Dataset items =
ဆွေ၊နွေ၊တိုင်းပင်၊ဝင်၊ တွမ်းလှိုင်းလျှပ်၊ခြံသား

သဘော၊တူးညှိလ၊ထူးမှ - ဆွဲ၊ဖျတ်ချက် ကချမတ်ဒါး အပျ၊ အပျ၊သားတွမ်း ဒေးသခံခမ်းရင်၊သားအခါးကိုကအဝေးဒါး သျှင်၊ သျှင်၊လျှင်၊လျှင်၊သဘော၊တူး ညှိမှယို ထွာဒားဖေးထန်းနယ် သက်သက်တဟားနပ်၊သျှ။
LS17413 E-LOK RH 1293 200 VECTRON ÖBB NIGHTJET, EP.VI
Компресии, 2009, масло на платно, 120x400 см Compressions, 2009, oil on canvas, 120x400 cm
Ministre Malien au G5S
--
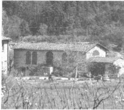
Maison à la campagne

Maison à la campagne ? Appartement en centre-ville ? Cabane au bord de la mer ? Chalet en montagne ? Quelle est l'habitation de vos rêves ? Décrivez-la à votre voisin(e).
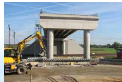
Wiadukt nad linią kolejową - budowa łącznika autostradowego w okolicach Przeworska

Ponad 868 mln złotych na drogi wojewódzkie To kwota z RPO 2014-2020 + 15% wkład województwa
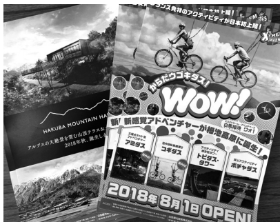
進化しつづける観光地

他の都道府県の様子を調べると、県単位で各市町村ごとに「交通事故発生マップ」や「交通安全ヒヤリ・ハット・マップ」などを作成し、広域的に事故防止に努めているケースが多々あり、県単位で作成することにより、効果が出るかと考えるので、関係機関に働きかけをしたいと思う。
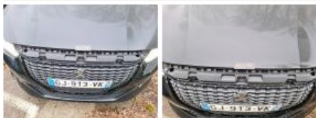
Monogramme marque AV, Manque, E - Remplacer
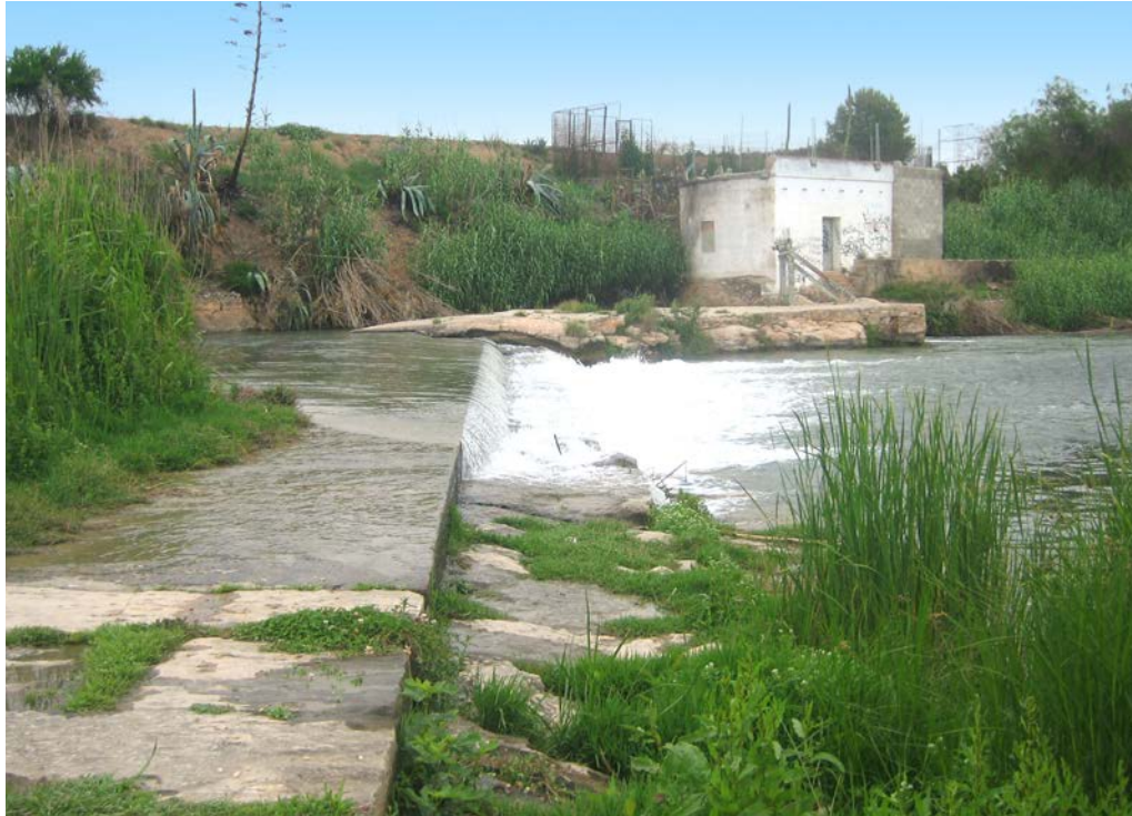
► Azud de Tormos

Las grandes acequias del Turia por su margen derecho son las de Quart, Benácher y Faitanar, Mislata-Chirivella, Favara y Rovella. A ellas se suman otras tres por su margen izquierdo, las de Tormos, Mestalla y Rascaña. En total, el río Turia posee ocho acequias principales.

TRY IT = Reproduce the data above exactly, but only from the line containing "他の都道府県の様子を調べると" through the line containing "Las grandes acequias"; skip the pictures.

WRITTEN ANSWER =
他の都道府県の様子を調べると、県単位で各市町村ごとに「交通事故発生マップ」や「交通安全ヒヤリ・ハット・マップ」などを作成し、広域的に事故防止に努めているケースが多々あり、県単位で作成することにより、効果が出るかと考えるので、関係機関に働きかけをしたいと思う。
Monogramme marque AV, Manque, E - Remplacer
► Azud de Tormos

Las grandes acequias del Turia por su margen derecho son las de Quart, Benácher y Faitanar, Mislata-Chirivella, Favara y Rovella. A ellas se suman otras tres por su margen izquierdo, las de Tormos, Mestalla y Rascaña. En total, el río Turia posee ocho acequias principales.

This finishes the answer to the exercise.